Designwise, the last model I tried was unrivalled.

Still, I finally decided to postpone the purchase of a hat until later in the year, as temperatures outside were already around 30 C, and the need for a warm hat seemed not that urgent.

Soon afterwards, I came to the stand of a knife-seller.

The Uyghurs are famous for their hand-made knives all across Central Asia, and it is true that the knives he sold were all very beautiful and reasonably priced. Unfortunately, it's almost impossible to bring them out of China, as carrying a knife in your luggage as well as sending it by post is forbidden by law. 

Shortly afterwards, I met another knife-grinder. Unlike with the two dudes on the cattle market in the morning, his grinding stone was powered by the engine of his motorcycle (also note the protective glasses - this guy was evidently a master of his trade).

The bazar was a place where one could buy many things. Apart from the usual spices, shoes and clothes, a huge choice of perfumed toilet paper was on offer, as well as good Paknur fridges from Pakistan.
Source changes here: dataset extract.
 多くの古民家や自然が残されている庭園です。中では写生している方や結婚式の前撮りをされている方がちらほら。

Finally, I called it a day and went home to the place I had rented in the old city. On the way, I met these two girls, who were teaching their little sister how to walk:

Thursday, 6 June 2013


Four days after trying to cross the Tian Shan mountains for the first time, I tried it again. This time, the bus was full of tough Russian women who were active in the cross-border trade between China and Kazakhstan, and everything went well. When we had finally managed to cross the frontier (after at least a dozen checks by Kazakh and Chinese border police), we celebrated our success in a Chinese restaurant:

Having arrived the next morning in Urumqi, I right away took another bus to Kashgar, as I wanted to be in time for Kashgar's famous Sunday market.
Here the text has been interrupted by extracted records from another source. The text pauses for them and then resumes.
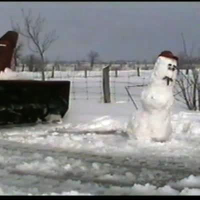 A.A. Destroy a snowman Man runs over snowman with huge snow blower on tractor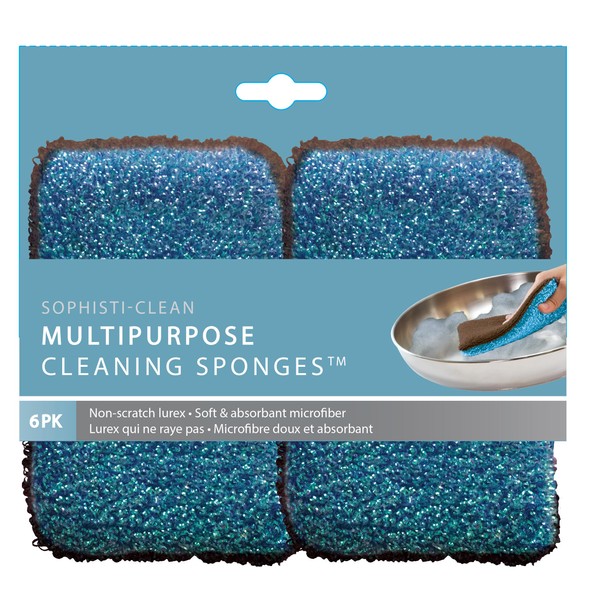 Sophisti-clean Multipurpose Cleaning Sponges, Dual-Sided Sponges, Pack of 6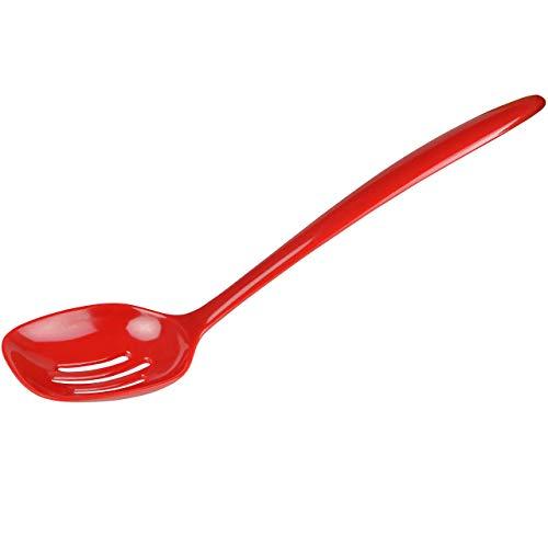The Gourmac 12 Inch Melamine Slotted Spoon stands out as a utensil perfect for both cooking and serving tasks. Its design includes a seamless handle, ensuring both a comfortable grip during use and a sleek appearance for table presentation. Dishwasher safe.

After a bumpy ride along the Western fringes of the Taklamakan, we got to Kashgar on Friday morning, just in time for the big Friday prayer.


While the prayer was going on, the side streets around Kashgar's central mosque were full of heavily armored riot police, a testimony to the considerable tensions between the native Muslim Uyghurs and the Han Chinese who are settling in ever greater numbers in China's westernmost province of Xinjiang.

After the prayer, the narrow streets were crowded with men coming out of the city's many mosques.

Kashgar's old centre still has a very distinctive silk road feel. The busy streets smell of dust, spices and charcoal fires.

Walking along, one can see Uyguhr craftsman chiselling away, traders offering their goods, watermelons being cut and food being prepared, while old men meditatively strike their beards, observing the hustle and bustle.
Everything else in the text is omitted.